= Jaimito (magazine) =

Cover of the 1949 issue of Almanaque Jaimito, published by Editorial Valenciana. It showcases the playful and colorful comic style typical of postwar Spanish children's magazines. Popeye can be seen in the train, among other characters.

Jaimito was a Spanish children's comic magazine published by Editorial Valenciana between 1944 and 1985, producing 1,688 regular issues, several special editions, and 34 almanacs. Its art director was José Soriano Izquierdo, and it became the leading example of the Valencian school of comic art, particularly in the field of humor comics.

Between 1958 and 1979, Editorial Valenciana also published the companion magazine Selecciones de Jaimito.

==Staff and contributors==
Among its contributors were artists such as Karpa, Jesús Liceras, Nin, Palop, Rojas de la Cámara, José Sanchis, and Serafín, as well as Alfonso Alamar, Ambrós, Luis Bermejo, Juan José Carbó, Cartus, Castillo de Fez, Enrique Cerdán, Edgar, Frejo, Manuel Gago, José Grau, Gorrís, Grema, José Luis, Miguel Quesada, Peris, Salvador, Serna Ramos, and Sifré.

Writers included Federico Amorós, Alfonso Arizmendi, Juan Antonio de Laiglesia, Pascual Enguídanos, Pablo Gago, Pedro Quesada, José Luis Sellés, and Vicente Tortajada.

== Publication history ==
The magazine Jaimito emerged from the earlier booklet series Jaimito y Periquete (1943). Over the years, its publishing trajectory can be divided into four main stages:

=== First stage: 1944–1952 ===
Between 1944 and 1952, Jaimito had an irregular publication schedule, and its issues lacked numbering due to not having official authorization for periodic publishing.
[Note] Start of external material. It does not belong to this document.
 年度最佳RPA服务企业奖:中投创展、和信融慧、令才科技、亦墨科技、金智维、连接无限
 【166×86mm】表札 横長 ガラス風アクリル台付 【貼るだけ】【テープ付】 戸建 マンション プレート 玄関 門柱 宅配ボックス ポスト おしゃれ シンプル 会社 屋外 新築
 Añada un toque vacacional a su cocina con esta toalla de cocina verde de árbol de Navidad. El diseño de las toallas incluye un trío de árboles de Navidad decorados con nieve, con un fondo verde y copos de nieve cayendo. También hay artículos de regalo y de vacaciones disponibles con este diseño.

José Soriano Izquierdo, who would later become the art director of the publisher, and Antonio Ayné were responsible for most of the early material, although they were soon joined by artists such as Jesús Liceras, Palmer, Moscardó, José Palop Gómez, V. Maciá, and Nadal.

From 1947 onward, the magazine also began incorporating foreign comic strips.
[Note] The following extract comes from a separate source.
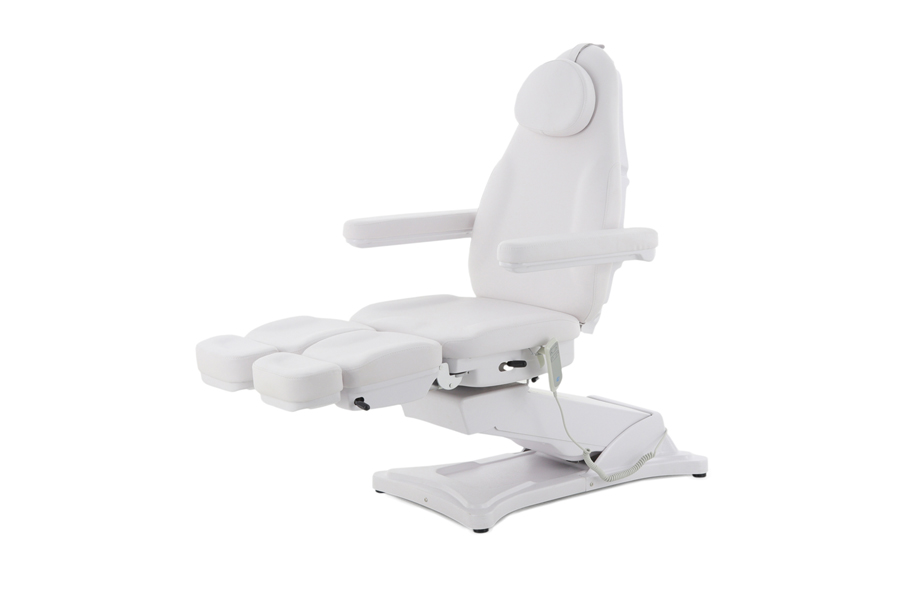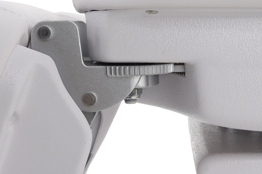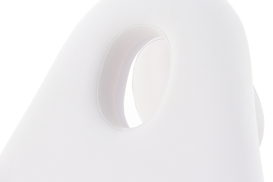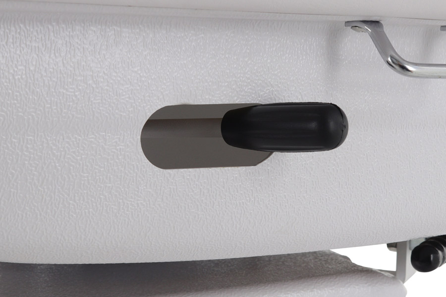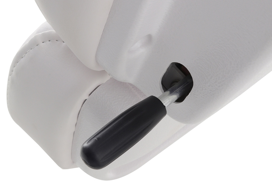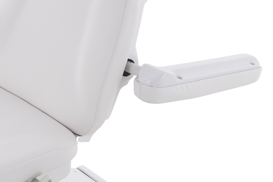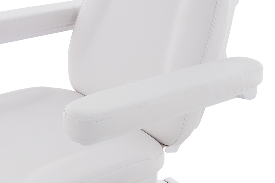 Материал каркаса педикюрного кресла ММКП-2 КО-190DP – стальной сплав, все механические узлы и соединения закрыты пластиковым декоративным кожухом белого цвета.

=== Second stage: 1952–1979 ===
After obtaining a license for regular publication, between 1952 and 1979, the magazine published approximately 1,664 numbered issues (with cover numbering), 34 almanacs, and several special editions. By this time, Jaimito was distributed throughout Spain. Its print run was estimated at 35,000 copies in 1973, and rose to 58,000 by 1976.

Starting with issue 154, the magazine's format was reduced to 18.5 x 27 cm, and soon after, the page count dropped to 16. Color printing was also introduced for the interior pages. Meanwhile, testimonial humor began to disappear due to censorship pressure.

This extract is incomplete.